Building A Voice Controlled AI Agent For A Internship Assignment

Recently I applied for the Mem0 AI - ML & Generative AI Developer Internship. As part of the selection process, I was given a challenging assignment: build a fully local voice-controlled AI agent that can understand spoken commands, classify intent, and perform real actions on my machine — all while keeping everything safe and visible in a clean UI.

Here’s how I built it.

Project Overview:

-
The agent accepts audio input in two ways:

Direct microphone recording
Uploading an existing .wav or .mp3 file

It then:

Converts speech to text using a local Whisper model
Uses a local LLM to understand the user’s intent
Executes the appropriate action (create file, write code, summarize text, or general chat)
Shows the complete pipeline in a Streamlit UI

All file operations are strictly restricted to an output/ folder for safety.

Architecture:-

The system follows a clean pipeline:

Audio Input → Speech-to-Text → Intent Understanding → Tool Execution → UI Display

I used Streamlit for the frontend because it’s fast to build and looks professional.

Tech Stack & Model Choices:-

For Speech-to-text I used the whisper(small model) as it is fast, local and runs well on CPU.
For the Intent Detection and Code Generation I used Ollama + phi3:mini as it's lightweight, fully local and good at following instructions.
For the Audio Handling I used sounddevice for microphone and pydub for handling uploaded audio files
For the UI, I used Streamlit for its simplicity and excellent support for real time updates.

I chose phi3:mini as the main LLM because it’s small, fast on CPU, and performs surprisingly well for intent classification and simple code generation.

Challenges I Faced:-

The biggest challenge was Ollama’s GPU runner crashing repeatedly on my Ubuntu 22.04 laptop even though it detected my NVIDIA GPU. I kept getting the “llama runner process has terminated” error. After multiple clean reinstalls and driver tweaks, I had to force CPU mode using num_gpu_layers=0. This made the agent stable, though it sacrificed some speed.

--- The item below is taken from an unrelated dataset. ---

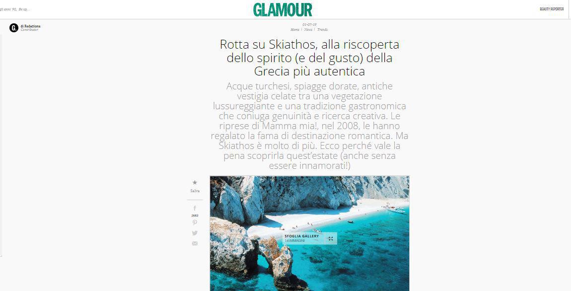 Όπως αναφέρεται σε σχετική ανακοίνωση, «αρχικά επισκέφτηκαν τη Σκιάθο δύο μοντέλα-παρουσιάστριες της ιταλικής τηλεόρασης, η Eleonora Pedron και η Melita Toniolo, από τις 10/06 έως και τις 13/06. Ξεναγήθηκαν στην πόλη της Σκιάθου και φωτογραφήθηκαν για λογαριασμό του ιταλικού περιοδικού «CHI». Το αναγνωστικό κοινό του συγκεκριμένου εβδομαδιαίου περιοδικού αγγίζει τα 150.000 άτομα, ενώ η Melita Toniolo και η Eleonora Pedron έχουν 1.000.000 και 300.000 followers στα social media αντίστοιχα και οι οποίες μέχρι και σήμερα ανεβάζουν φωτογραφίες στους προσωπικούς τους λογαριασμούς από την επίσκεψή τους στη Σκιάθο».

Another challenge I faced was when I was trying to add some "Bonus(Optional)" functionalities, namely "Human-in-the-Loop" as I added the UI confirmation prompt before file execution, the session was terminated as soon as the 'Human' confirmed the file execution because of Streamlit's button rendering behavior.
It means that when a checkbox is checked, the page rerenders and the button state gets reset because of how Streamlit handles session state. The confirmation checkbox causes the app to rerun, and by the time it checks the button, the state is confused.
I couldn't overcome this problem so I simply removed this "bonus functionality"

Another challenge was making the intent detection robust. LLMs sometimes return messy responses with extra text or markdown, so I had to implement custom JSON extraction logic with fallbacks to prevent the app from breaking on unexpected outputs.

I also focused heavily on safety, as instructed in the assignment pdf, ensuring no file could ever be written outside the output/ folder using filename validation and path checks.

Model Benchmarking & Learings:-

While building this agent, I experimented with a few small LLMs available through Ollama to find the best fit for my hardware.

I tested gemma2:2b, llama3.2:3b, and phi3:mini on the same set of tasks (intent classification and simple code generation) while running everything on CPU mode.

gemma2:2b was the fastest, often responding in under 2 seconds, but it occasionally gave less accurate or incomplete code. llama3.2:3b offered good quality and was reasonably fast, but it was the most unstable on my system. In the end, phi3:mini struck the best balance, it was fast enough and produced cleaner and more reliable outputs, and handled structured JSON prompts better than the others.

For Speech-to-Text, I compared the tiny, base, and small versions of faster-whisper. The small model gave me the best accuracy on technical terms and function names, with transcription speed roughly 1.5× real-time on CPU. The tiny model was quicker but made more mistakes, especially when I spoke code-related commands.

This benchmarking exercise taught me that theoretical model size doesn’t always translate to real-world performance. Hardware constraints and prompt quality play a much bigger role than I initially expected.

Final Thoughts:-

This project gave me valuable hands-on experience in building end-to-end local AI systems, handling real hardware limitations, and making agents both functional and safe.

GitHub Repository:-

https://github.com/cHaMpIoN-37/voice-ai-agent

Feel free to clone the repo and try it yourself. Any feedback is welcome!